Gareca acredita que a qualidade técnica de Christian Cueva é indiscutível. Mas o meia precisa melhorar seu comportamento extracampo. As polêmicas se acumulam: Cueva já chegou atrasado em treino do Santos e acabou afastado de uma partida; se recusou a atuar quando era atleta do São Paulo após uma negociação fracassar; foi flagrado em vídeo bebendo álcool. Gareca concorda que seu comportamento precisa mudar.

"Cueva tem que melhorar. Nisso estamos todos de acordo, não vejo outra realidade. Para nós, é muito importante que ele seja muito bom dentro do campo de jogo e muito bom fora do campo de jogo. Ser jogador da seleção é um todo. Quando ele joga, dá tudo de si, é um dos que mais corre. [Mas] tem que melhorar."

"Agora, ele é muito perseguido dentro e fora do campo. Tem jogadores que são mais observados que outros, sobretudo pela imprensa aqui do Peru. Não justifico suas ações, mas é um bom garoto. O futebol brasileiro é o ideal para ele. Porque ele tem todas as condições, tem talento, é muito bom fisicamente. O torcedor brasileiro gosta de suas características, mas ele tem que se adaptar, tem que lutar para se adequar às exigências do Brasil. Ele tem que se adaptar ao meio e não o contrário", opina.

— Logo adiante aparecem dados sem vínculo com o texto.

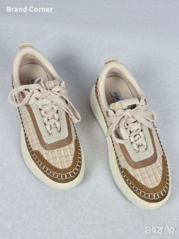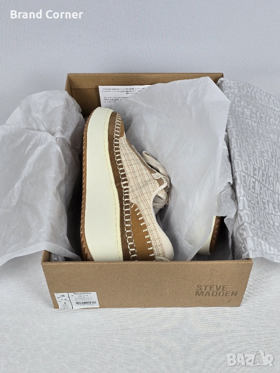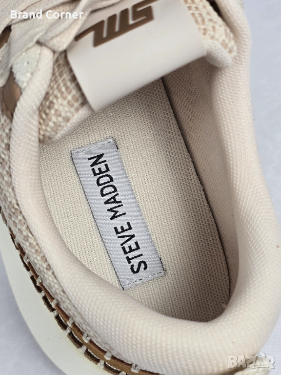 Обувките са нови, без следи от носене. Подметките са чисти, етикетите и брандираните детайли са запазени. Отзад има релефно лого Steve Madden, както и брандирани елементи от вътрешната страна и върху езика.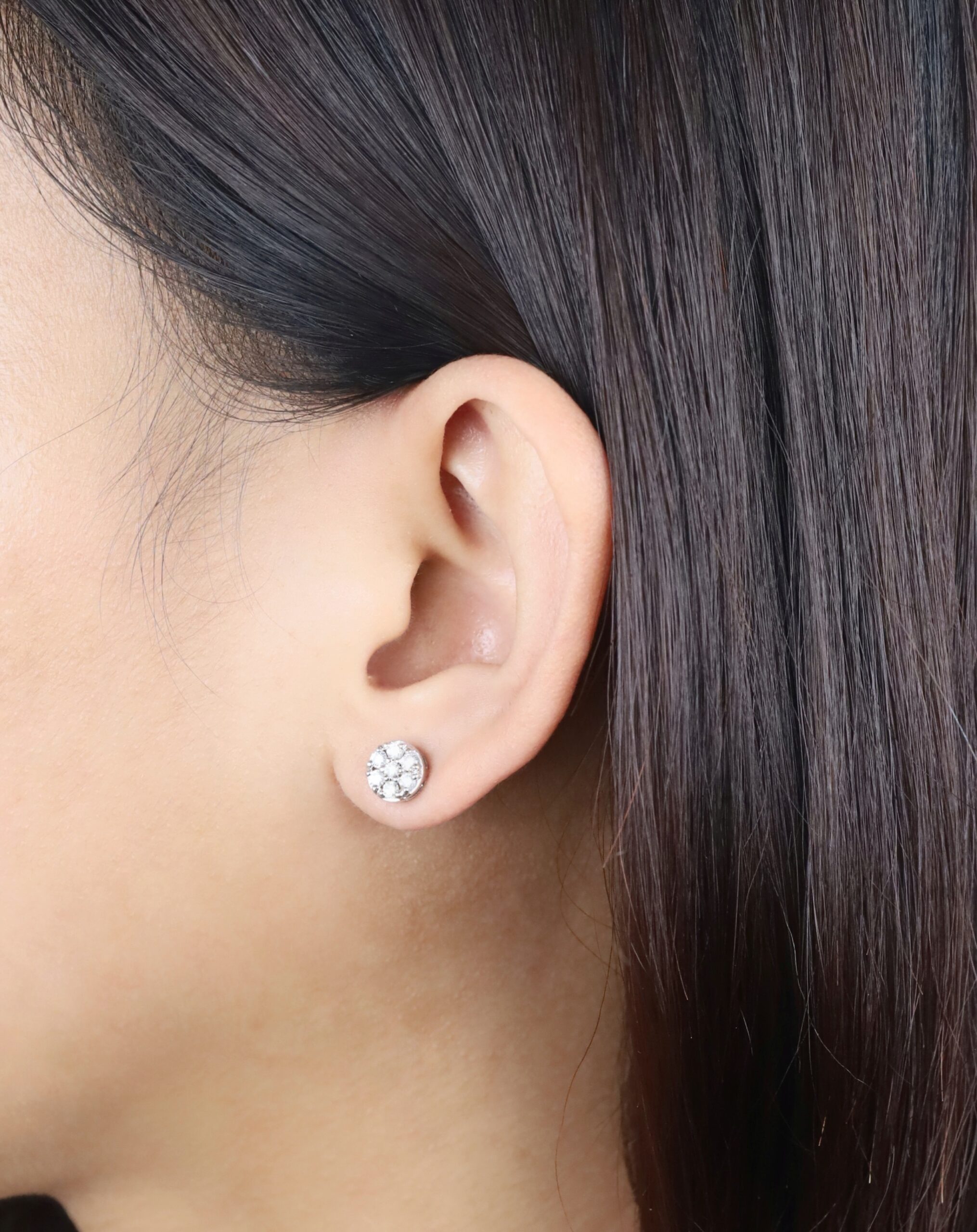 2 pcs. (approx.)  .16 Carat Diamonds ( SI Clarity; GH Color ) 12 pcs. (approx.) .057 Carat Diamonds ( SI Clarity; GH Color ) 2.00 Carat Face Illusion ( 8 mm ) 18 Karat White Gold Imported Setting (approx.) 1.54 grams

Ernesto Benavides/AFP Ernesto Benavides/AFP

Técnico esperou contato para dirigir Argentina

Ricardo Gareca não esconde o sonho de dirigir a seleção de seu país. "Eu me preparei para dirigir a seleção", afirma.

A chance poderia ter vindo há um ano, quando ele ficou sem contrato no Peru e Jorge Sampaoli deixou a seleção argentina depois do Mundial na Rússia. Naquele momento, o treinador esperou um contato que, segundo ele, não veio. "Meu país não falou comigo, ninguém me falou oficialmente. E dado o tempo que passou é muito difícil que aconteça novamente como aconteceu depois do Mundial. Meu contrato com Peru venceu e a Argentina decidiu despedir o Sampaoli. A Argentina estava sem técnico e eu estava sem contrato. E ninguém falou comigo."

Mesmo tendo o nome frequentemente ventilado para o comando da equipe argentina, Gareca ressalta que há pouca chance de isso acontecer no momento. Seu vínculo com o Peru foi renovado há um ano. "Agora é muito difícil porque tenho contrato até 2021 e eu não rompo os contratos da minha parte. Para que se dê um ponto de encontro entre mim e a Argentina é muito difícil. Eu tinha que ficar sem trabalho e a Argentina sem treinador. Se saísse do Peru e a Argentina me chamasse, sim, eu consideraria."

Cesar Greco/Agência Palmeiras/Divulgação

Saudade da família e da picanha brasileira

Vivendo há cinco anos como expatriado, Gareca sente falta de sua família, que vive na Argentina, e eventualmente viaja a Lima para visitá-lo e ver o Peru jogar. Ele também se lembra com saudade dos momentos em que viveu no Brasil, mesmo com os altos e baixos na vida profissional.

Se o Peru tem uma das cenas gastronômicas mais celebradas do mundo, o treinador argentino sente falta de um item especial no cardápio: a picanha brasileira.

Ele fecha os olhos ao lembrar das idas às churrascarias e por um momento esquece da rivalidade que separa brasileiros e argentinos no que diz respeito ao modo de preparar a carne. "No Brasil se come muito bem. A picanha do Brasil é muito boa, comi bem. O pouco tempo que tive lá, apesar de não ganhar no futebol, passei bem", brinca ele.